What is needed:
The lines below, from the first through the one containing "Mori small fresh", are to be given again exactly, with pictures left out and nothing added.

Information shown:
· · ·
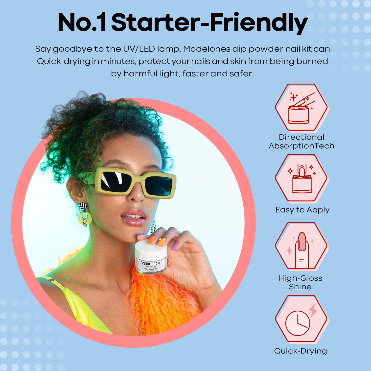 - š¤SAFETY & TIME SAVING: MODELONES White Dip Powder doesnāt need nail lamp to cure, which can avoid making your skin black. It's a faster way to paint your nails.
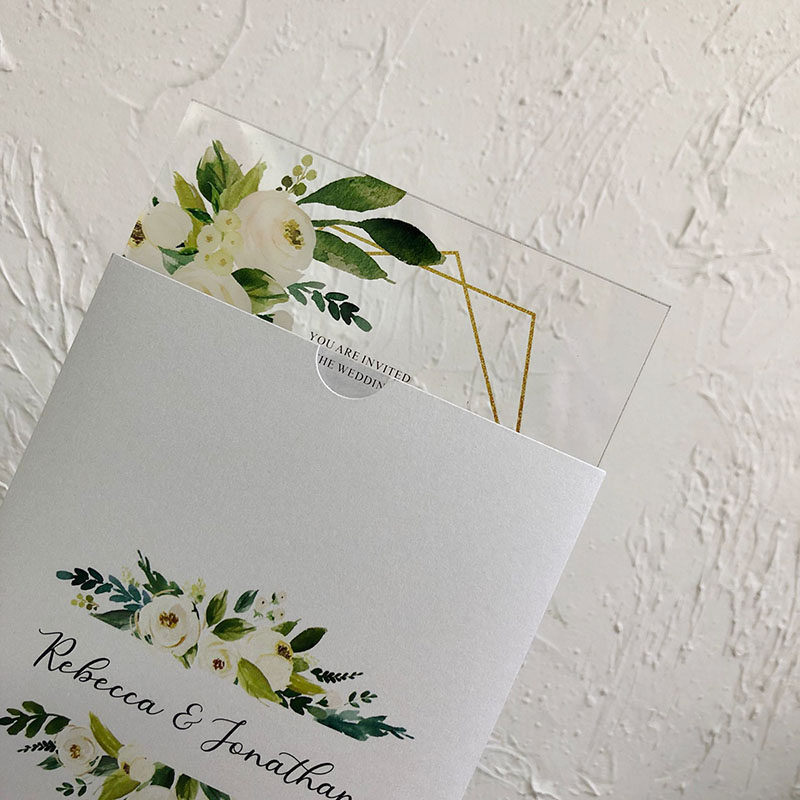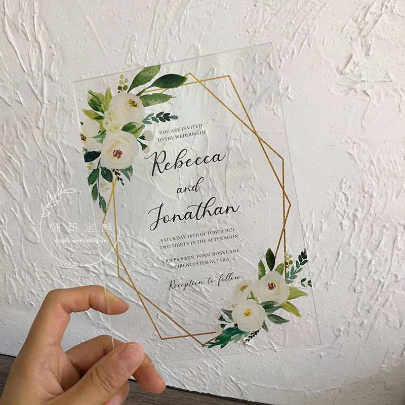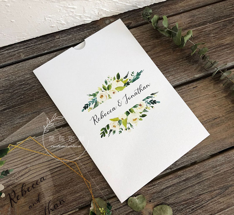 Mori small fresh watercolor green leaf wedding invitation simple acrylic wedding invitation letter European small fresh wedding invitation
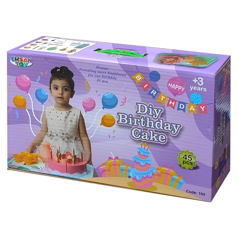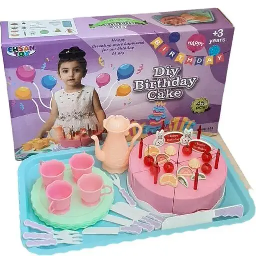 ست کیک تولد اسباب بازی شامل قطعات : کیک . چاقو . سایل تزئین کیک . چاقو بزرگ . چنگال . سینی . بشقاب . فنجان . قوری است . برای شادی و سرگرمی کودکان طراحی شده است. این قطعات از جنس پلاستیک بسیار با کیفیت هستند و برای بازی کودکان بسیار مناسب هستند. در این مجموعه یک کیک وجود دارد که به قطعات مختلف تقسیم میشود و بروی خود سوراخهای قرار داده شده تا وسایل جانبی مانند میوه و وسایل تزئین کیک که دارا پایه کوچک به اندازه سوراخها هستند بروی آن قرار بگیرند. یکی از تکههای کیک که شمعی پلاستیک بروی آن قرار داده شده است نکته قابل توجه این اسباب بازی است. ابعاد کیک ۱۵ سانتیمتر است که برای بازی کودکان سه سال به بالا بسیار خوب است. خطر بلعیدن قطعات کوچک استفاده برای کودکان زیر 3 سال ممنون است .مشخصات و ویژگی ها
· · ·
Reply:
 - š¤SAFETY & TIME SAVING: MODELONES White Dip Powder doesnāt need nail lamp to cure, which can avoid making your skin black. It's a faster way to paint your nails.
 Mori small fresh watercolor green leaf wedding invitation simple acrylic wedding invitation letter European small fresh wedding invitation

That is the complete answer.